Speaking at a joint press conference at Kiev's Borispol Airport with the President of the United States, Bill Clinton, Mr Kravchuk declared nuclear weapons the 'most urgent problem in the world' and added: 'Ukraine will carry out its obligations and will not become a country that stands in the way of nuclear disarmament.'
A formal accord, he said, would be signed in Moscow tomorrow by Ukraine, Russian and the US, the target of the bulk of Ukraine's SS-19 and more advanced SS-24 nuclear missiles. But he also suggested that legislators in Kiev might still throw up obstacles. He called on them to be 'more clever' than in the past, saying: 'You cannot step in the same river twice.'
Ukraine has agreed twice before to give up its nuclear weapons - when it signed the Lisbon Protocol two years ago and when Mr Kravchuk met the Russian President, Boris Yeltsin, for a summit meeting last summer. In both cases the commitments quickly dissolved.
Yesterday marked Mr Kravchuk's first public confirmation of an assertion by Mr Clinton on Monday that Kiev had again promised to give up the 1,700 Soviet warheads stationed in Ukraine on missiles and bombers. Mr Clinton stopped off in Kiev last night on his way from Prague to Moscow, the penultimate leg of a European tour dominated by Nato and nuclear weapons.
Mr Clinton hailed Mr Kravchuk's 'courageous decision' and said Ukraine would be invited to link up with Nato under the terms of the Partnership for Peace (PFP) offered to the states of Eastern Europe. This arrangement provides for joint training and other co-operation but does not involve a mutual defence pact like that shared by full members of Nato.
Details of the nuclear accord, thought to involve substantial promises of hard currency compensation, remain sketchy. Mr Clinton promised a 'substantial increase' in US aid and 'significant support and investment' from other western countries. No figures were given.
The Ukrainian parliament last summer declared formal ownership of all nuclear weapons left behind by the Soviet military and, in a separate decision in November, attached a string of stringent conditions to ratification of the Start-1 disarmament treaty covering older missiles in its arsenal.
There are few signs yet that legislators are ready to relinquish what many Ukrainians regard as their best protection against Russia and most effective diplomatic bargaining chip. If anything, the case for keeping nuclear weapons has grown stronger, with fear of Russia intensified by the electoral successes of Vladimir Zhirinovsky. The catastrophic state of Ukraine's economy, however, could force a change of heart.

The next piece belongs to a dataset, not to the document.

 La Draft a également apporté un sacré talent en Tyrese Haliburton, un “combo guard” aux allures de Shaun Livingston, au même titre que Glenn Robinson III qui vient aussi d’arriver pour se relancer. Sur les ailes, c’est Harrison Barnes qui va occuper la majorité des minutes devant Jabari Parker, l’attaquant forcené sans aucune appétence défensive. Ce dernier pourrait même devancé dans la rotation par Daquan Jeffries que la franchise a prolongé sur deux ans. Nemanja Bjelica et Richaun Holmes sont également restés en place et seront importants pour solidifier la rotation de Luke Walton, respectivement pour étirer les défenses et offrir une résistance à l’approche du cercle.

Before arriving in Kiev, Mr Clinton succeeded in persuading the leaders of Central Europe to endorse his PFP initiative as a first step towards their possible integration into Nato.

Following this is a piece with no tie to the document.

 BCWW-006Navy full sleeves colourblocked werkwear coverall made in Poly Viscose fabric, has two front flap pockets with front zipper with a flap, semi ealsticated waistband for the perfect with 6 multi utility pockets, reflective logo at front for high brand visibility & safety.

Speaking in Prague after a flurry of meetings with the leaders of the Czech Republic, Poland, Hungary and Slovakia, Mr Clinton said that there was no longer any question of whether Nato would expand - but simply when and how. Asked, furthermore, whether he could imagine Nato standing by in the event of an attack on a Central European country, he said: 'I think it is doubtful.'
While the Central Europeans welcomed his words, they fell far short of the cast-iron security guarantees that their leaders had wanted. President Lech Walesa of Poland, the staunchest advocate of Nato membership for the so-called Visegrad group, bit his tongue sharply. 'Sometimes small is beautiful,' he said. 'This (PFP) is a step in the right direction. It has been decided by the powers of the world and we shall try to make good use of it.'
It was something of a volte face for Mr Walesa, who, until his meeting with Mr Clinton, had been denouncing as woefully inadequate the PFP proposals, under which former Warsaw Pact countries will enjoy limited military co-operation with their former Nato adversaries.